I will start this by saying that I had/have mixed emotions going into finalization. I am thrilled, tickled pink that Lil Princess is our daughter. She is more perfect than we even imagined possible. We don't want her to have the burden of feeling like she completed our family...that is a lot of responsibility for a little person to carry, but secretly to her daddy and I that is exactly what she does...completes our little family unit.

With all of the sugary-sweetness that The Designer and I experienced relating to adoption, I am not naive that others involved in our triad have not had the same positive experiences.
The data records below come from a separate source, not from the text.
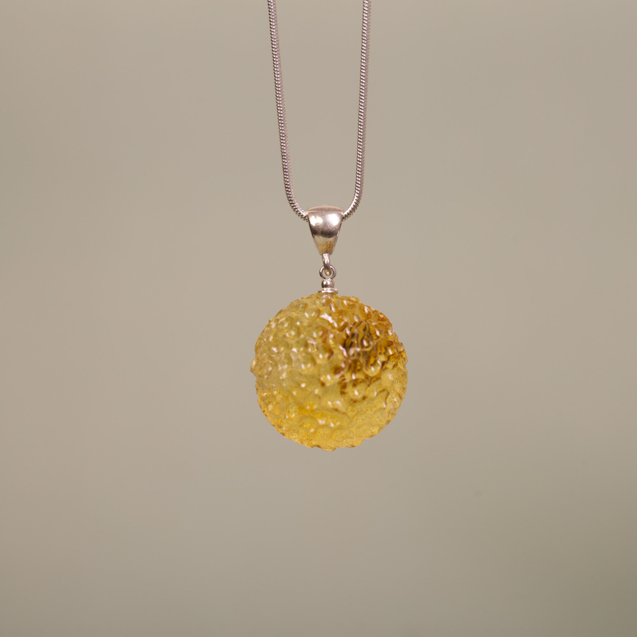Artystyczny wisiorek wykonany z bursztynu bałtyckiego w rzadkim, jasnym kolorze cytrynowym. Bursztyn otrzymał unikatową, ręcznie rzeźbioną formę kuli o fakturowanej powierzchni, która efektownie rozprasza światło. To nowoczesny i oryginalny dodatek, który łączy minimalistyczną formę z bogatą, naturalną strukturą.
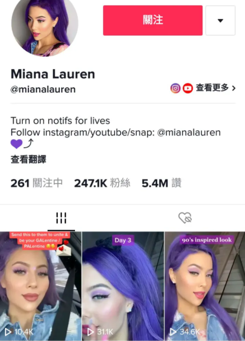 接下我们看看一些比较专业的美妆类的大博主,这类博主极大可能是从YouTube或者INS过来的。
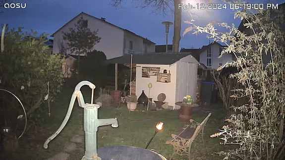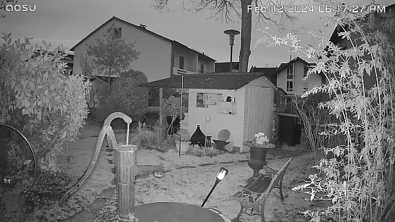 Wird ein Eindringling erkannt, dann folgt die Kamera der Bewegung automatisch. Die Bewegungsverfolgung zieht hier im Garten allerdings gerne mal nach oben in den Baum.
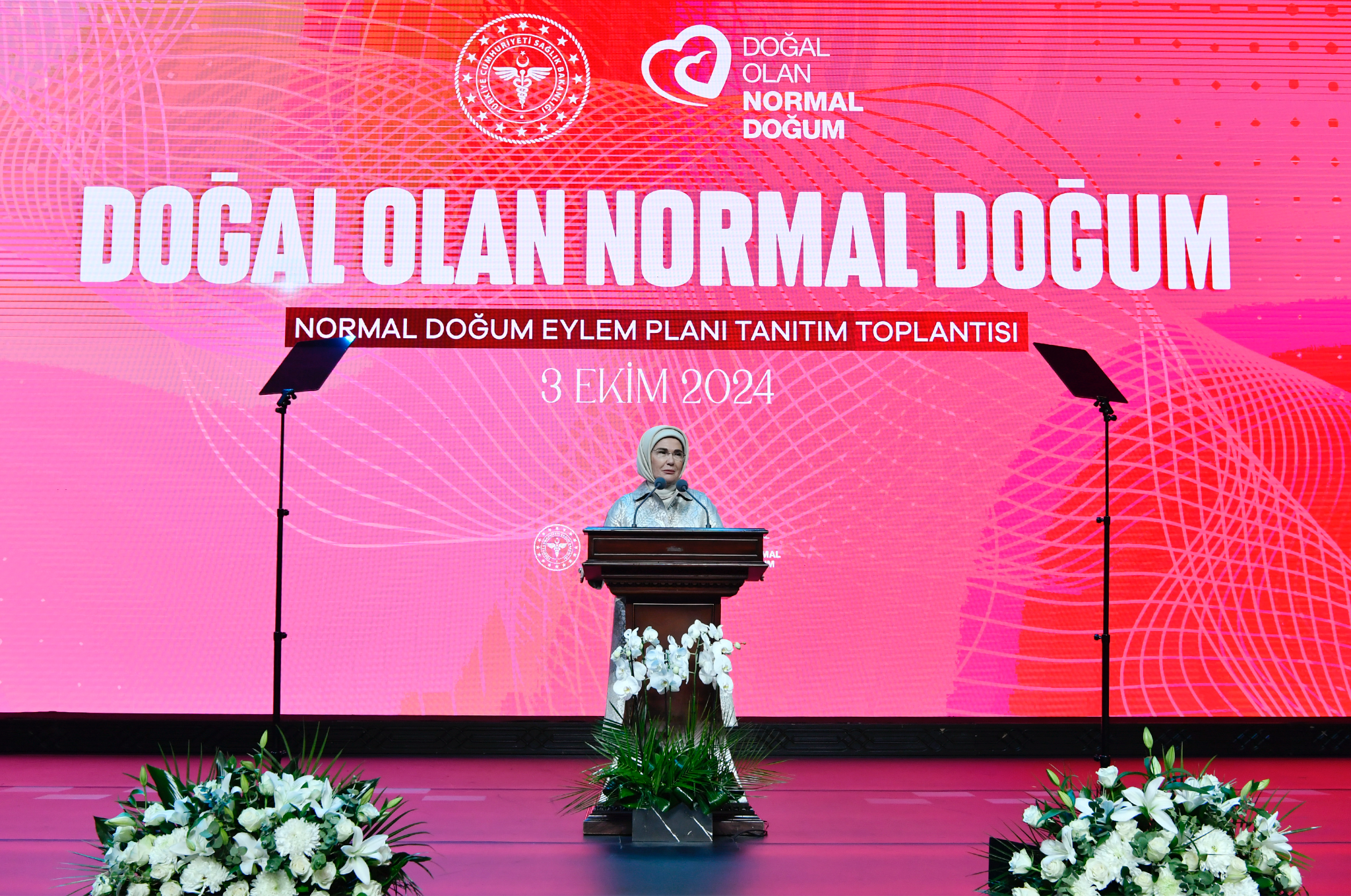 Eylem planının tanıtım toplantısında Emine Erdoğan sezaryenin anne bebek arasındaki ilişkide hasar bıraktığına, normal doğumun faydalarına değindi.
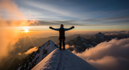 A mountain climber stands on a snowy summit with arms outstretched at sunrise. The person wears a helmet and backpack, and is roped in. The background shows a vast mountain range above the clouds, lit by the rising sun, conveying success and adventure.
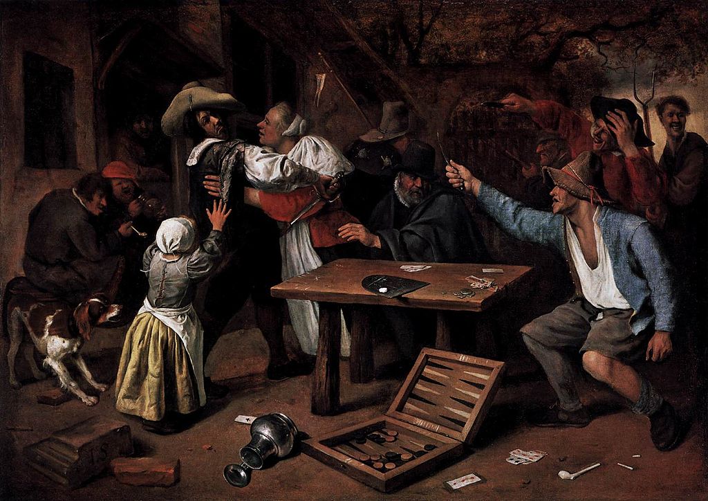 The title painting is ‘Argument over a Card Game’, Jan Steen (1625/26–1679) in the Gemäldegalerie collection, from Wikimedia.
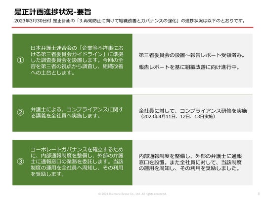 この是正計画は、引き続き弊社の最重要課題と位置付け、全社員が一丸となって取り組んでまいります。今後とも変わらぬご支援とご愛顧を賜りますようお願い申し上げます。
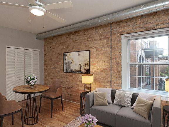 Reminiscent of three classic 1920's row houses joined together, this recently rehabbed vintage building is one of the more charming residences in Lakeview. The craftsmanship of its exterior is reflected in each rental home, a bright loft-style space with hardwood floors and exposed brick, duct work and pipes.
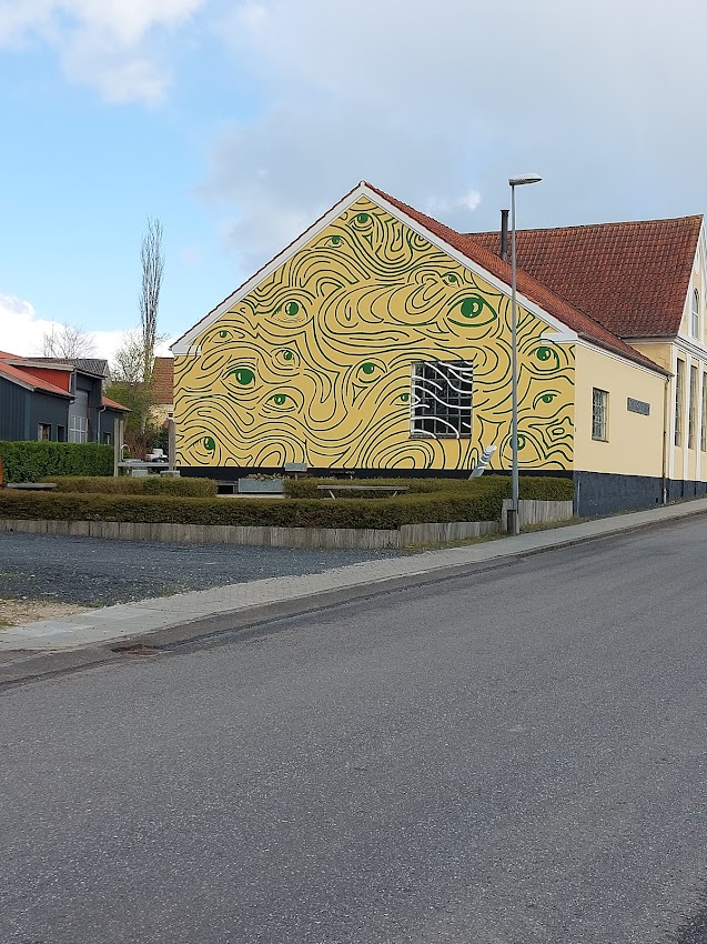 Gå ad Møltrupvej op igennem byen – bemærk bl.a. Gavlmaleriet (= Verdensmålsgavl nr. 13 – ”Klimaindsats”) på det Gamle Mejeri (Thors Design).
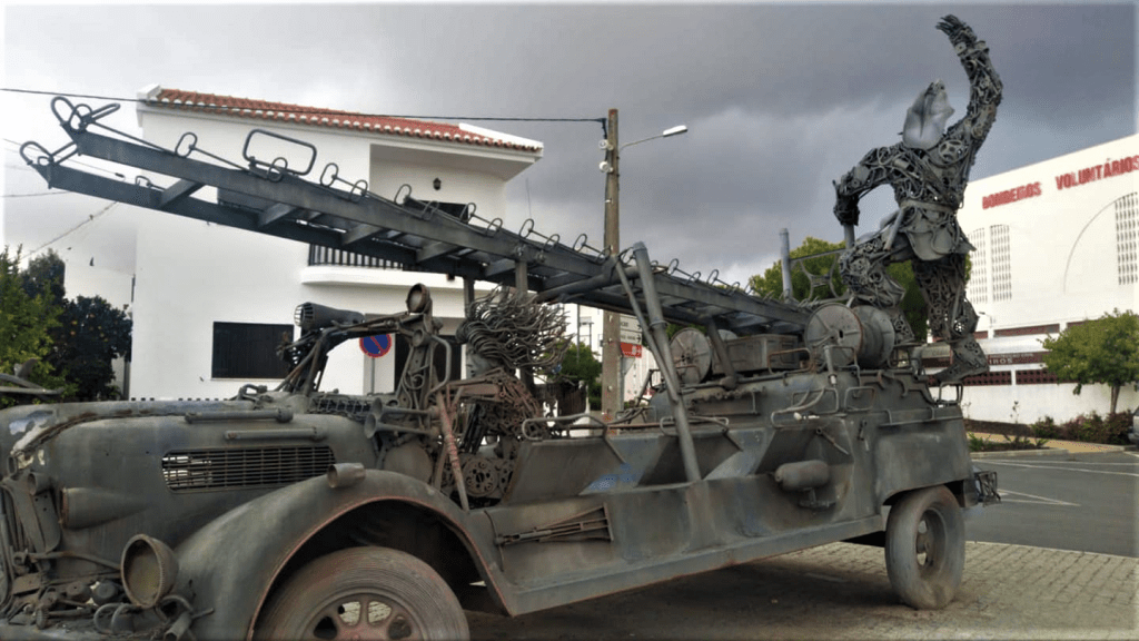 Almodovar bien merece un café. Puente con dudas si es romano o románico. Iglesia museo, buenas cafeterías y varias esculturas con mucho hierro dando honor a sus héroes locales, que los son de casi todos los portugueses: Lo bomberos Voluntarios. Una institución junto a la Casa de la Misericordia que están presentes en todas partes.

I know that although Princess is well adjusted and happy, she has suffered a loss. She lost her first mother and father. Sure, she will have the opportunity to know them. She will be able to call them and ask questions when they arise. She will be able to share the highs and lows with them, should she choose. But she still experienced loss. For 9 months she was taken care of by N. She was warm, fed, and comfortable in N's belly. Then she was born and had to adjust to life outside the womb and then just a few short days after that, she had to adjust all over again when she came home with us.

I think God allows adoption and even blesses adoption, but I am not going to lie. I don't think He originally planned or hoped for adoption to be a way of life. I hope to ask Him for clarification when I meet Him face-to-face, but I just can't imagine that He originally planned for it because the amount of hurt and loss that people experience just doesn't seem like a God thing to me. I could be wrong..what do I really know anyway, right?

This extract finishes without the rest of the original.